Donut hesitated. “Okay, Carl.”

The ground rumbled as a distant cliff crumbled into the ocean far below.

I entered the house, and I closed the door behind me.



Chapter 243


And then, there he was. Right there in the living room.

“Holy shit,” I muttered.

It was him. My father. I hadn’t seen him in over twelve years, not since that day, and there he was.

There’s this scent one associates with their parents. You don’t even think about it until you’ve been away for so long, and it returns, dragging unwelcome memories with it, shoving them at you all at once. That scent was here, burned into the thin walls. I don’t even know what that smell was. It was a strange, but subtle musk that only clung to him. It was here, in this trailer, but it wasn’t alone. It was faint, mixed with the antiseptic scent of a dying man.

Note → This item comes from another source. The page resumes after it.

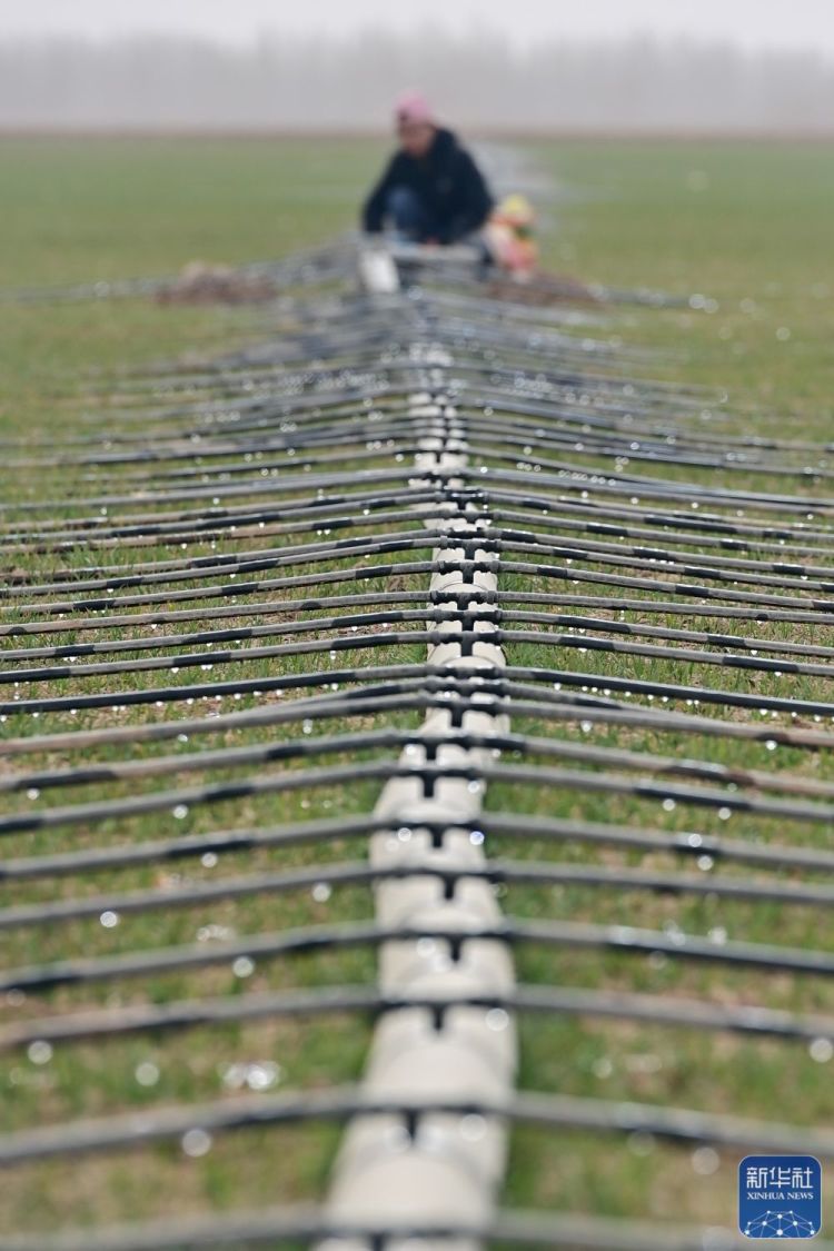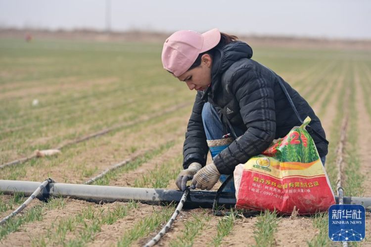 在新疆阿克苏市柳源镇瑞丰村,种植户在小麦地里检查滴灌系统(3月21日摄)。
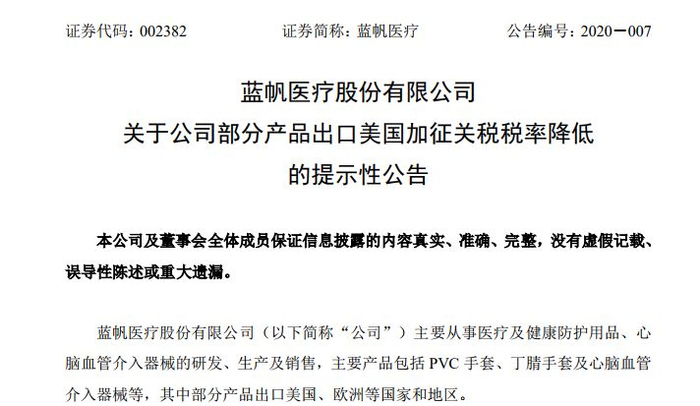 2月5日晚间,蓝帆医疗就披露公告,公司出口至美国产品关税降低后利好公司业绩。

He was in a hospital bed, which was parked right there in the middle of the room. There was nobody in here except him. There weren’t any monitors or diodes or anything I’d normally associate with someone in such a state, with the exception of a single IV bag that dangled off a pole attached to the bed. The saline bag was almost done, and the clear tube snaked into his arm. The man was swallowed by that large bed. He was awake, back elevated, slitted eyes fixed on the television screen, which was showing a baseball game.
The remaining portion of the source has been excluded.